Like the very act of cooking meat with wood smoke, establishing a profound barbecue culture takes time. And while there have been barbecue restaurants in one form or another in NYC for decades, they tended towards pan-regional affairs offering a mishmash of barbecue styles. The restaurants that dominated the scene in the early 21st century — Virgil’s, Blue Smoke, Dinosaur Bar-B-Que, Daisy May’s USA — offered such menus. But in the mid-to-late aughts, the city saw a new crop of restaurants focusing on specific regional styles, such as Central Texas (Hill Country) or Kansas City (R.U.B.). Other new 'cue restaurants adhered to specific culinary conceits, like Fatty Cue, which focused on Asian-influenced barbecue, and Wildwood, which claimed to be the first barbecue restaurant to sell "all natural meats" exclusively.

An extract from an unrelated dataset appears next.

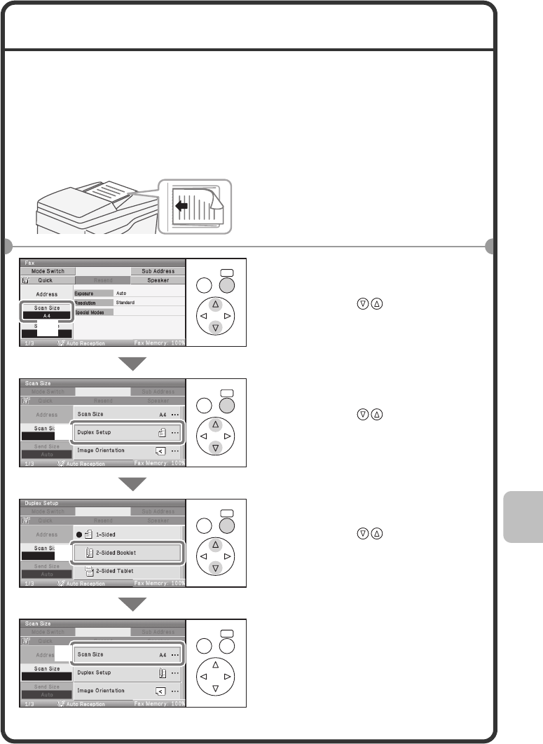 The procedure for faxing both sides of an A4 original at A3 size is explained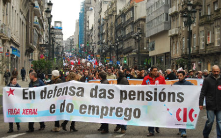 La mayor movilización se produjo al mediodía en la manifestación central, que discurrió en Vigo y a la que acudieron alrededor de 8.000 personas. Los asistentes gritaron en contra de la política del Gobierno mientras que la megafonía denunciaba que el recorte de las pensiones aprobado por el ejecutivo de Zapatero era el mayor ataque contra los derecho sociales de los últimos 40 años.

Clearly there is currency for authentic wood-smoked barbecue in NYC, but Manhattan real estate prices and environmental regulations make life difficult for restaurants that want to cook with live fire. This serves to stymie innovation, as investors will invariably opt for an established model over something revolutionary but unproven. And it makes it difficult for a distinct style to emerge. It is thus not surprising that the epicenter of barbecue has shifted from Manhattan and is now firmly in Brooklyn, with its cheaper real estate and less stringent regulations, as well as an increasingly receptive marketplace. Most new barbecue restaurants in Manhattan tend to be spinoffs of previously succesful establishments.
Brooklyn barbecue displays a particular aesthetic in terms of interior design — stripped down, industrial spaces that often contain distressed wood, wrought iron, and Edison bulbs. Where meat is concerned, Brooklyn barbecue tends toward dense, dark rubs and heavy smoke penetration, along with cuts that are fatty and flavorful. High quality, often rare and heritage breed meat is another defining trait of this new school barbecue.
Thematically, at least, the emerging Brooklyn style owes a debt to Texas with its by-the-pound ordering model and propensity for butcher paper, as well as to Kansas City for its agnosticism in meat and cut selection. Brooklyn barbecue also dovetails with numerous other contemporary subcultural tropes both specific to food (sustainability, craft beer, and spirits) and aesthetics (tattooing, American roots music, graffiti, et al). In many ways, Brooklyn barbecue is part of a larger cultural movement.
The trend of replicating different regional styles persists with restaurants like BrisketTown (Central Texas) and Arrogant Swine (North and South Carolina). Even here we find innovation: Tyson Ho at Arrogant Swine has created a form of Western North Carolina-style chopped pork shoulder that rivals Kansas City burnt ends (which use beef) in eliciting flavor. And if Ho’s contribution is pushing boundaries, other innovations happening in Brooklyn pits could be genre-defining. Take Bill Durney’s ribs at Hometown. He offers them both with a sweet and tangy Korean sticky sauce, or a fiery Jamaican jerk rub, drawing on the melting pot of cuisines in NYC and imbuing his barbecue with the local flavor.
It is thus fair to conclude that the state of American wood-smoked barbecue in NYC is healthy, vibrant, and growing exponentially. This growth is well illustrated by the fact that when the Big Apple Barbecue Block Party started back in 2002, the number of visiting barbecue establishments dwarfed the number of restaurants cooking with wood in the entire city. This is no longer the case: There are well over 25 restaurants smoking meat with wood in NYC these days, and more are on the way.
There's clearly a robust and growing market for real, wood-smoked barbecue in New York City, and that demand is at last moving us toward a defined style of our own. Someday, this city may take its place in the pantheon of barbecue greatness. How do we get there? Keep on smoking.